In a laboratory at Nottingham Trent University, a tiny device is doing something that would have seemed impossible just years ago: reshaping itself every 20 milliseconds to perform completely different optical functions. No mechanical parts. No bulky lenses. Just light, reshaped on command.
The technology behind this feat is called a virtual metasurface—a flat, programmable surface that can bend, focus, and steer light in ways traditional optics cannot. Unlike physical metasurfaces, which are fixed once manufactured, these virtual versions exist as patterns projected onto a device called a spatial light modulator, which controls light pixel by pixel, faster than the blink of an eye.

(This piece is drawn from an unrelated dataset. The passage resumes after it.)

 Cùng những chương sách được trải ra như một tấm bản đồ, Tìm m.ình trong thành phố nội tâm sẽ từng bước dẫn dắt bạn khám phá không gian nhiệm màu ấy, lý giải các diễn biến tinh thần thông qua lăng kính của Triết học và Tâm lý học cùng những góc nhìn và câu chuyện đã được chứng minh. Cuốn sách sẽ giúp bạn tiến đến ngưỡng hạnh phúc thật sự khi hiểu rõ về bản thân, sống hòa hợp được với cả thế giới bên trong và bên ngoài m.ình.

The breakthrough, published in the journal Advanced Photonics Nexus, could mark the moment metasurfaces move from laboratory curiosity to real-world technology. "This new category of emulated, virtual metasurfaces can be a game-changer," said Professor Mohsen Rahmani, a nanotechnology and photonics researcher at Nottingham Trent. He draws an analogy to the transition from the physical universe to the metaverse: a digital world that mimics reality without being constrained by it.
The implications are significant. Traditional infrared cameras require expensive semiconductor sensors and bulky separate optics to capture invisible infrared light. The new approach bypasses this entirely—turning infrared signals into visible wavelengths that any standard camera can detect, while simultaneously adjusting focal lengths on demand. Conventional lenses and mirrors cannot perform both functions at once.

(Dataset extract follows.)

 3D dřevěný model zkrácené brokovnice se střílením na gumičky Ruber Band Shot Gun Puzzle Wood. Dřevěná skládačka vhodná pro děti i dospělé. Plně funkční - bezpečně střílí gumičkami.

The team, working with collaborators at the University of Brescia in Italy and Nankai University in China, demonstrated the technology by generating images at arbitrary focal lengths and converting invisible infrared into visible pictures in real time. Metasurfaces themselves are thousands of times thinner than a human hair and can bend, color, and steer light—but their fixed nature has long been their limitation.
"Perhaps the best analogy is the transition from universe to metaverse," Rahmani said. "Our virtual metasurfaces can be dynamically reshaped every 20 milliseconds, offering a completely distinct function each time within small gadgets and devices."

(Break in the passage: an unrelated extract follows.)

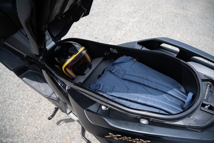 Thường nghe nói, maxi scooter là lựa chọn của những ông chồng muốn cảm giác phân khối lớn nhưng lại phải chiều lòng vợ muốn xe tay ga. Đúng là, để hòa quyện hai thứ đó, maxi scooter thực sự là sự lựa chọn hợp lý nhất, vừa mang lại sức mạnh của phân khối lớn, vừa đảm bảo sự tiện dụng cho việc hàng ngày. Điều đầu tiên là khoang xe, mặc dù con số chính xác không được công bố nhưng khoang của XMAX 300 đủ rộng để chứa 2 chiếc mũ bảo hiểm full face và nhiều vật dụng khác.

Dr. Ze Zheng, the study's first author, frames the shift as analogous to moving from analog to digital. "Replacing physical metasurfaces with virtual metasurfaces can be viewed as a transition from analog optical components toward more flexible digital platforms," she said. "This approach enables compact optical systems with enhanced programmability, multifunctionality and reduced fabrication constraints, offering a promising route toward next-generation microscopes, cameras and imaging devices."
Associate Professor Lei Xu adds that the virtual metasurfaces function like an imaginary toolbox containing every optical component at once. By combining them with artificial intelligence, the researchers can unlock multimodal capabilities with enormous potential for everyday applications.
The technology could eventually impact imaging and microscopy, quantum photonics, sensing, beam steering, semiconductor manufacturing, telecommunications, and holography. While additional research and development is needed before commercialization, the foundation is laid for devices that are smaller, smarter, and far more versatile than anything using today's fixed optics.